Jun 12, 2009 (CIDRAP News) – On the heels of yesterday's pandemic declaration by the World Health Organization (WHO), the US Centers for Disease Control and Prevention (CDC) today urged businesses to review their pandemic plans to make sure they're flexible enough to respond to a moderate or severe pandemic.
At a teleconference today for the business community, Lisa Koonin, MN, MPH, a senior adviser with the CDC's influenza coordination unit, said that because influenza viruses are so unpredictable and the pandemic may change or become more severe in the fall, now is the time for businesses to revise pandemic plans or begin developing one if they don't already have one. About 680 people called in for the conference.
Anthony Fiore, MD, MPH, a medical epidemiologist in the CDC's influenza division, said the novel flu cases and hospitalizations are hitting younger people and children the hardest. "This is much of the workforce, as well as their children," he said.
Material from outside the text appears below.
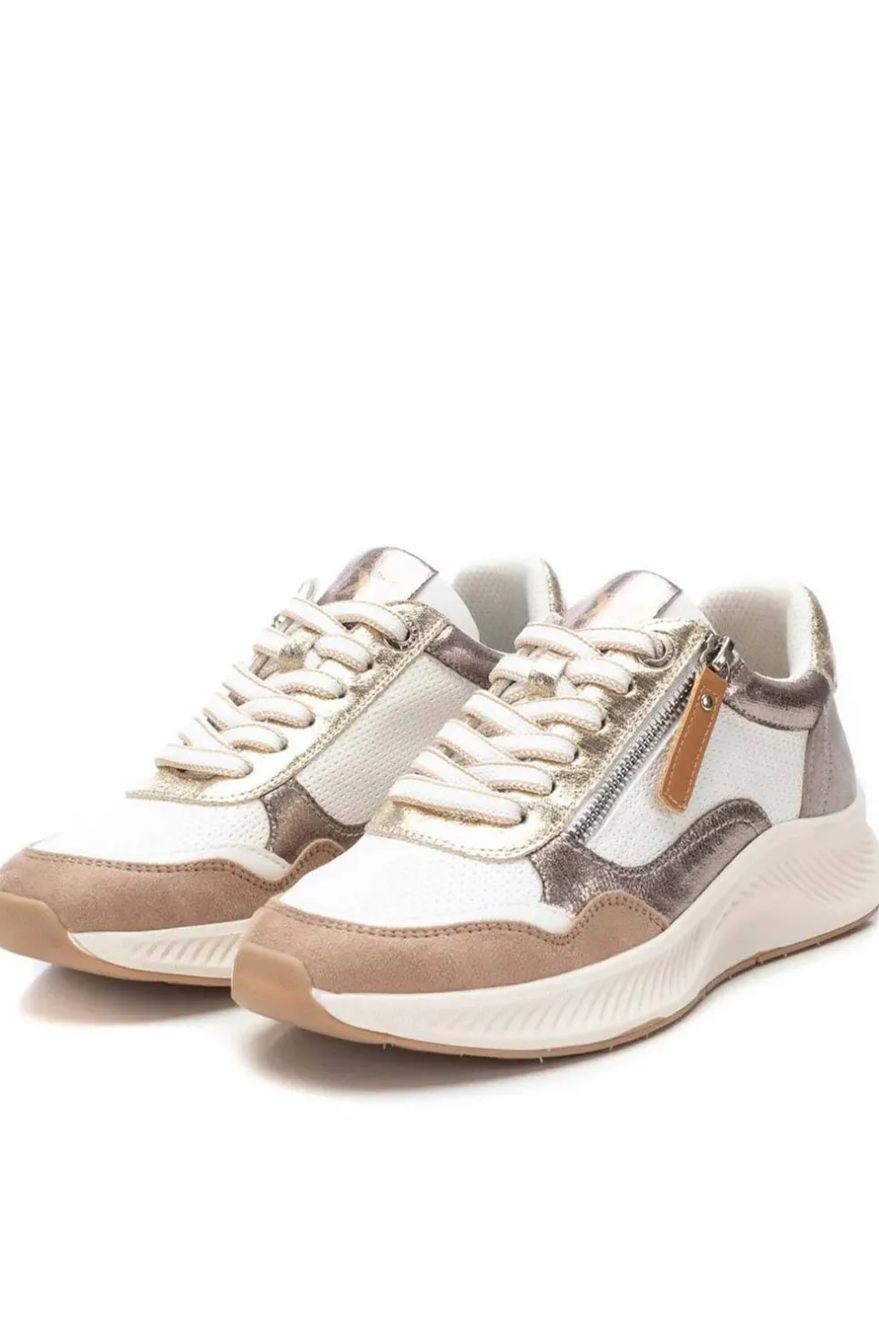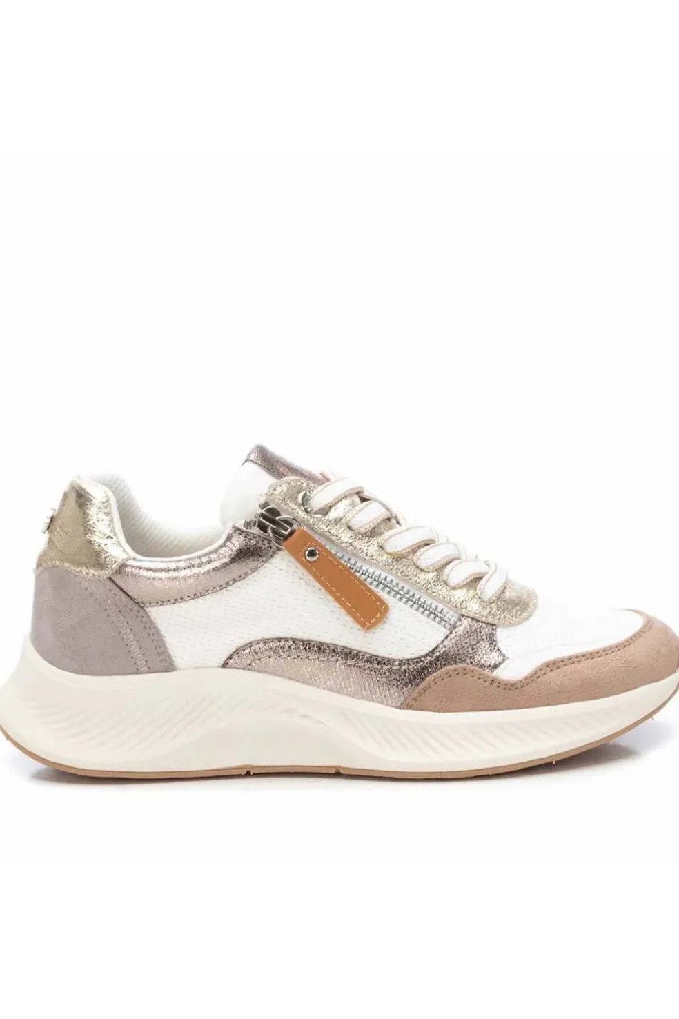 Zapatilla de mujer, de la marca Xti. Fabricada en combinación de textil y material que imita la piel con efecto metalizado. Cierre mediante cremallera. Con plantilla extraíble.
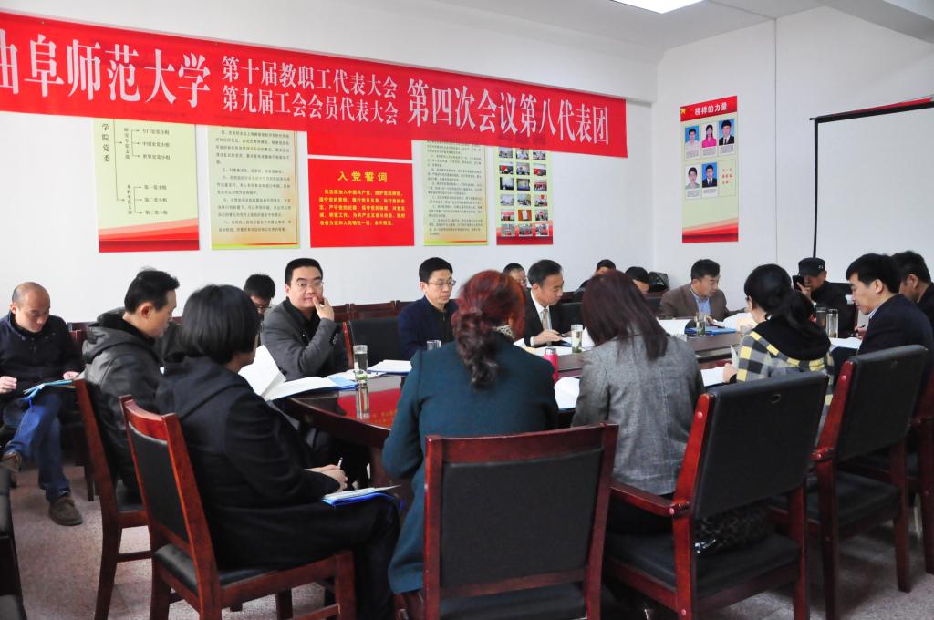 4月8日上午,根据第十届教代会暨第九届工代会第四次会议日程安排,10个代表团和离退休特邀代表团举行了分团讨论。学校领导分别参加了各代表团的讨论,广泛听取教代会代表的意见和建议。

He warned that a vaccine against the new virus, if successfully developed, won't be available until October or later and probably won't be distributed through typical commercial channels. Fiore advised businesses to plan on using basic preventive measures as a fallback, such as encouraging employees to stay home when they're sick, cover their coughs, and wash their hands frequently.
Employees who have risk factors for flu complications, such as asthma, cardiac conditions, or pregnancy, should be advised to seek medical care quickly if they have flu symptoms, he said. Those who don't have risk factors and experience severe symptoms should also seek care.
Koonin reminded companies that the WHO's pandemic declaration wasn't based on severity, but on sustained transmission levels indifferent parts of the world. However, she advised groups to be alert for new flu developments by seeking out situation updates from local, state, and national public health agencies, which will help businesses align their practices with public health recommendations. She warned that the novel virus will affect different locations in different ways.
"There will be different pictures all around the world," Koonin said. "We need to be nimble and tailor our response based on that picture."
Employers should review their leave, pay, and benefits policies to determine if any adjustments are needed to allow employees to stay home for 7 to 10 days if they are sick with the novel flu or need to stay home to care for a sick family member, she said.
Flexibility with policies will be crucial, Koonin said. For example, employers may not want to require a doctor's note when workers have been home sick, because clinics and emergency departments will likely be swamped, making it difficult for sick people to get notes in a timely manner.
She advised the group to address business continuity concerns by identifying essential business functions and critical employees, planning for staffing redundancy for key positions, and assessing supply-chain and critical input issues. Koonin added that it's a good idea for businesses to ask suppliers to provide details about their pandemic plans.
During a question and answer period, representatives from several businesses said they need more guidance on severity to help them assess and revise their pandemic plans. The CDC officials said they expect the WHO to issue some severity guidance soon, but in the meanwhile business can use a severity scale, based on case-fatality ratio, that was included in the CDC's2007 community mitigation guidance. They said the current severity level would be 2, roughly equivalent to the 1957 pandemic.
Some businesses also asked the CDC for clearer guidance on how long people with novel flu infections should stay home before returning to work. Fiore said the current guidance, issued out of an abundance of caution but without much scientific data, is 7 days or 24 hours after symptoms resolve, whichever is longer.
He said the CDC is actively examining its recommendation on how long to stay home and hopes to update its guidance within the next few weeks.